Until very recently, nearly any news out of the Canadian oil sands was certain to be a tale of woe. While Alberta’s oil and gas industry didn’t suffer from lack of demand nor lack of supply, a major pipeline shortage left the industry unable to connect the two. This deficit in transportation infrastructure led to a glut in oil supply, which forced Canadian oil companies to sell their oil at a severe discount. All of this has caused the Canadian oil industry to lose tens of billions of profits per year. But the worst was yet to come. Back in what some are now calling “Black April,” when the West Texas Crude intermediate benchmark famously plunged below zero for the first time in history, ending April 20th at nearly negative 40 dollars, Canadian oil actually dipped below zero hours before its neighbors to the south.
Unlike in the United States Permian Basin, however, where the pain just keeps coming, it looks like Canadian oil is finally set to turn a new page. In recent weeks and months, news out of the oil sands has changed its tune, and the prognosis for the faltering industry is now one of cautious optimism. According to projections by BMO Capital Markets, Canadian oil prices are set to rise during 2021 thanks to a decrease in competition in crude supply to refineries on the United States Gulf Coast.
Mexican heavy crude exports are down, opening up the market for Canada’s own heavy oil. “Oil sands producers will benefit from less output of competing crude from Latin America as Petroleos Mexicanos expects to cut exports while Venezuelan supplies remain off-limits due to U.S. sanctions,” Bloomerg reported back in October. Pemex, the Mexican state-owned oil company, “ is forecasting a reduction of almost 70% in exports of its flagship heavy crude between 2021 and 2023.”
But that’s not the only good news for Alberta. In addition to this boon for Canadian oil, Wall Street is also warming up to the oil sands. “Morgan Stanley and Goldman Sachs Group Inc. are the latest firms to point out the industry’s ability to generate healthy cash flow next year as a reason to buy stocks like Suncor Energy Inc., Canadian Natural Resources Ltd., and MEG Energy Corp.

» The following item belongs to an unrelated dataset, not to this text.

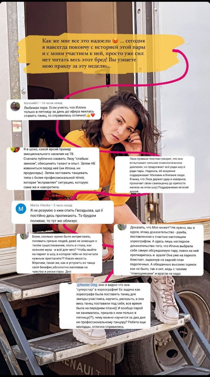 Сама Лиза Русина в видеодневнике призналась, что согласилась работать с Илоной Гвоздевой только ради MELOVIN"а и намекнула на лицемерие танцовщицы. "Она может улыбаться в лицо и говорить, что все хорошо, а потом приходит домой, включает свои сториз и начинает меня обливать", - сказала участница "Танців з зірками".

That follows similar reports from BofA Securities and BMO Capital Markets,” World Oil reports.
While all of this bodes well for the long-suffering Canadian oil and gas industry, however, there are still some considerable obstacles for the sector. Perhaps the most considerable of these hurdles is the extreme dirtiness of the oil sands’ naturally occurring heavy crude bitumen. This thick, sludgy form of crude oil comes at a huge environmental cost. At a time that the world is leaning more heavily than ever into a global clean energy transition, this could be a major liability for Canada, especially if the country delivers on and enforces polluter pays principles.

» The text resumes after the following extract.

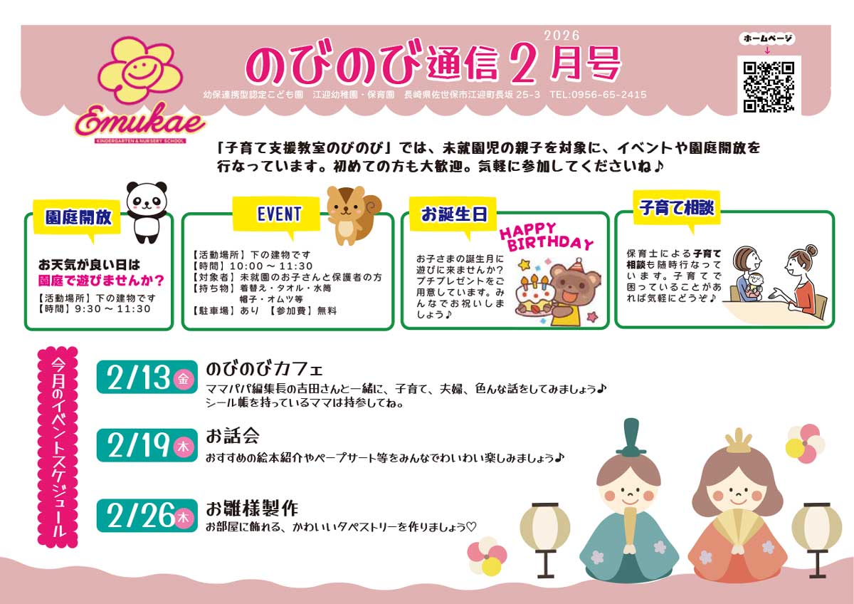 HOME > 子育て支援のびのび > のびのび通信 > のびのび通信2026年2月号発行しました♪ 2026-01-29 江迎保育園に遊びに来ませんか?楽しいイベントや親子遊びなど保育士と一緒に楽しい時間を過ごしましょう♪子育て支援のびのびについてはこちらをクリックしてね -のびのび通信, 子育て支援のびのび -2026, のびのび通信, 未就園児対象, 未就園児教室

A new study, however, shows that Canada is already making progress in bringing down the carbon footprint of the Albertan oil and gas industry. Using internal company data from three Albertan oil sands operations, researchers from the University of Calgary, University of Toronto and Stanford University found that these companies’ greenhouse gas emissions are on the decline. “Current emissions at the three sites are 14 percent to 35 percent lower than reported in previous studies,” The Globe and Mail reported last week, and “new technologies could further decrease those upstream emissions by 14 percent to 19 percent compared with current technology.
That being said, the oil sands’ ecological footprint will have to continue to diminish, and to do so at a brisk pace, if Canada has any hope of meeting the nation’s goal of reaching net-zero emissions by 2050. This study is therefore not an exoneration or a permission slip for increasing extraction, but an indication that Canada needs to double down on its decarbonization process.